Радость, блеснувшая в глазах Елизаветы Сергеевны при мысли, что ее милый, может быть, уже подъезжает к вокзалу, наполнила сердце одинокого человека легкой завистью и неясным укором. Чувствуя, что начинает расстраиваться, он встал и раскланялся, охваченный глубокой жалостью к маленькому существу, стоявшему перед ним.
Еще несколько слов — звонок, и явилась горничная указать Оссовскому его комнату.

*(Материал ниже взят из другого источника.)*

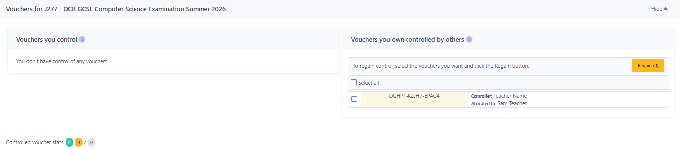 Once you have transferred vouchers to a colleague, they will be able to view them on the My vouchers screen and assign them to students in their classes. If necessary, they will also be able to transfer the vouchers to another teacher account by following the steps above.
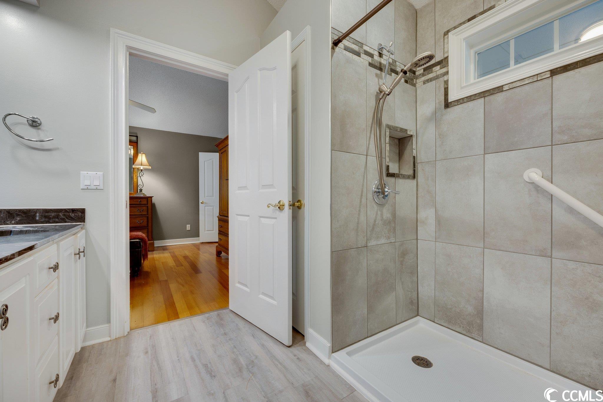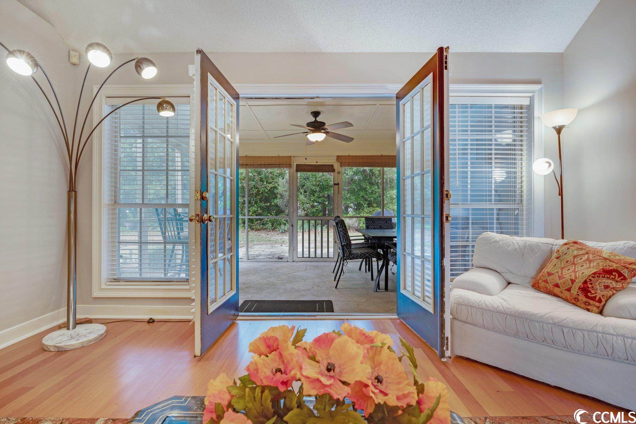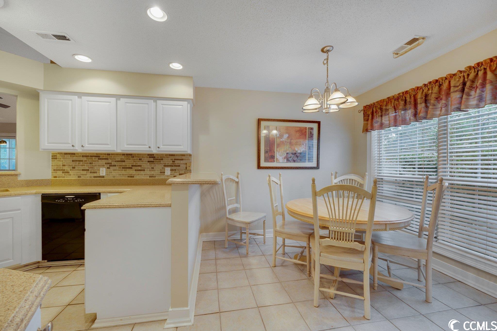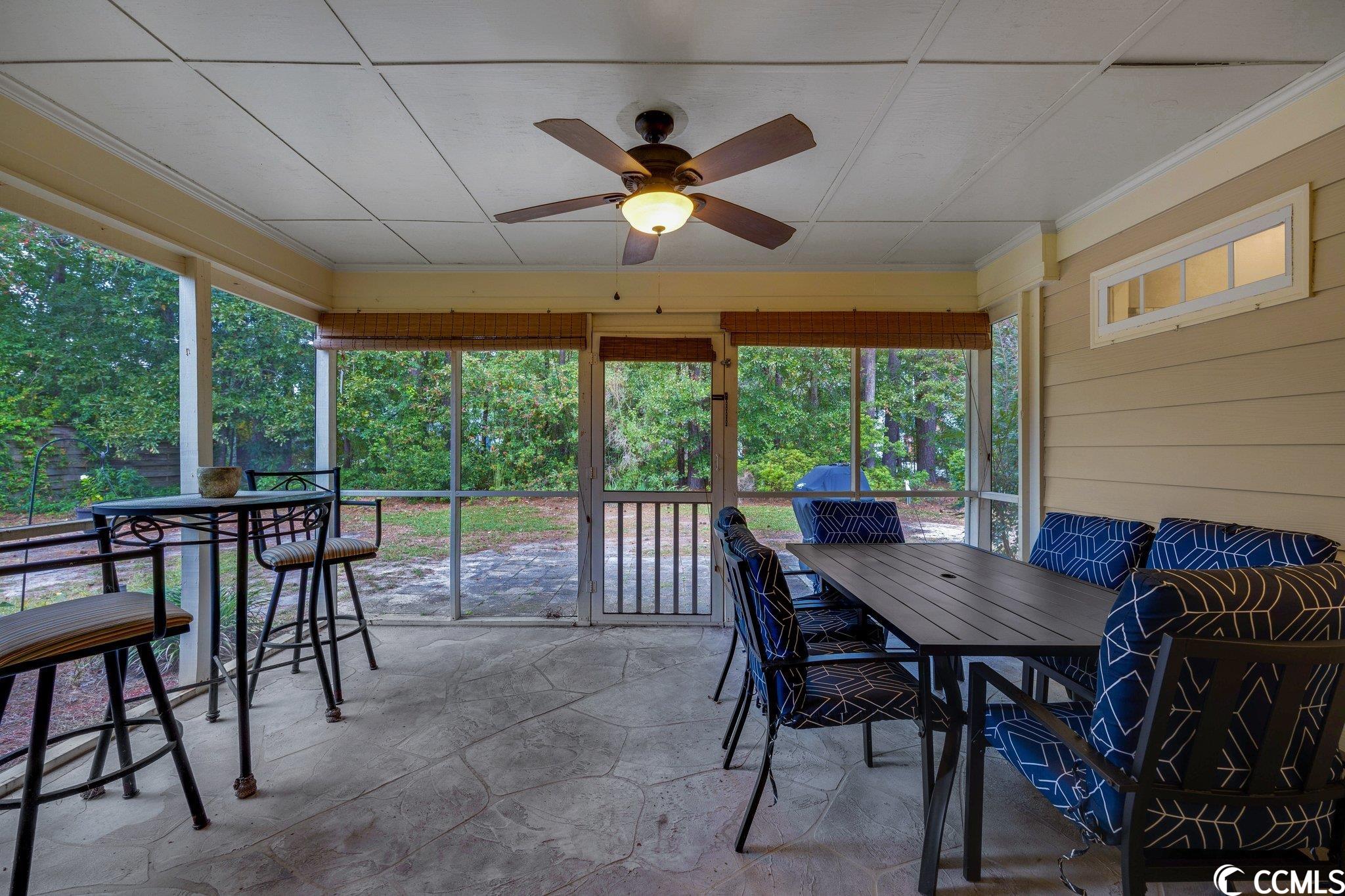 This charming 3 bedroom, 2 bathroom home is located in the lovely neighborhood community of Bellacroft. It is less than 10 minutes from the beautiful shoreline of North Myrtle Beach. Just 5 minutes away from shopping centers, and the Cherry Grove Marina, where there is boating, dining and beautiful sunsets over the inter-coastal waterway. This home is one level living at its best, with a split floor plan, tall vaulted ceilings in the living room, eat-in kitchen, and a formal dining room. The primary bedroom has a full remodeled bathroom, and the other full bathroom is located in between the other 2 bedrooms. Off the living room you'll find a tiled screened in porch to entertain or relax in during any season. Step out into the partially fenced in back yard with plenty of room for your pets or children to play. This home is close by, and just a short walk to the community pool. This home boasts several recent updates, including a roof within the last 8 years,newer hot water heater, remodeled master bathroom, newer kitchen counter tops, back splash, new sprinkler system and much more! Schedule your showing today!

Приезжий остался вполне доволен осмотром своего нового помещения. Два больших окна
Он разделся, потушил огонь и вытянулся во весь рост, чувствуя, как необходимый сон охватывает сладко занывшее тело. Папироса медленно потухла в его руке, он бросил ее, повернулся на бок и уснул.
Прошло не более часа, как вдруг нервный толчок, встряхнувший все его члены, разбудил его. Оссовский открыл глаза и тоскливо зевнул — сон уходил, возвращая неприятную ясность мысли и легкость тела, как будто уже наступило утро и он совершенно выспался. Сердце билось глухо и беспокойно, то замирая, то вздрагивая частыми, сильными ударами. Надвигалась бессонница, и одна мысль об этом могла уже уничтожить уверенность в возвращении сна.
Оссовский глубоко вздохнул полной грудью, стараясь вызвать зевоту и сонливость, но это не удавалось. Кровь приливала к голове, стучала в ушах, невольно развлекая мысли своим беспокойным шумом, нагретая подушка раздражала лицо. Глаза не слипались, и удержать их закрытыми теперь было так же трудно, как днем. Подкрадывался беспричинный страх, бессильный и тоскливый. Настойчивое тиканье карманных часов сердило и угнетало, эти монотонные, равнодушные звуки отмечали время, потерянное для сна. Отрывочные, хаотичные мысли скользили и таяли, как снежинки; вспыхивали отдельные сцены, слова, виденные когда-то пейзажи, их неудержимый поток рождал бессвязные размышления и тоску.
Оссовский приподнялся на локте, осматриваясь. Глубокая тишина звенела в ушах, мебель чуть намечалась в темноте расплывчатыми таинственными контурами, за окном шептал сад, дыша сыростью и прохладой. Беззвучно двигалась ночь, и казалось, что ее невидимый трепет проникает в глубину души, заставляя прислушиваться к молчанию.
— Я, кажется, не усну, — сказал Оссовский. — Но сколько же я спал?
Он зажег спичку и посмотрел на часы; целая ночь предстояла впереди. Спичка потухла, угасший свет ее разбежался в глазах Оссовского мгновенными искорками.
Он снова лег, стиснув зубы, с твердой уверенностью уснуть во что бы то ни стало, и пролежал совершенно неподвижно минут десять, переходя от надежды к сомнению, от уверенности к отчаянию.
И вдруг маленький чумазый оборванец, вынырнувший внезапно из залитого солнцем переулка, наполнил Оссовского тихою радостью, смешанной с опасением, что близость сна исчезает.
Стараясь не думать, он зорко следил за мальчуганом, виденным им, без сомнения, в каком-нибудь южном городе. Мальчик с угрозами, обливаясь потом, тащил на веревке собаку, животное прыгало, стараясь вырваться, упиралось, поджимая хвост, но мучитель не уступал. Его босые, грязные пятки сверкали на солнце, бронзовое личико свирепо морщилось; оба выбивались из сил?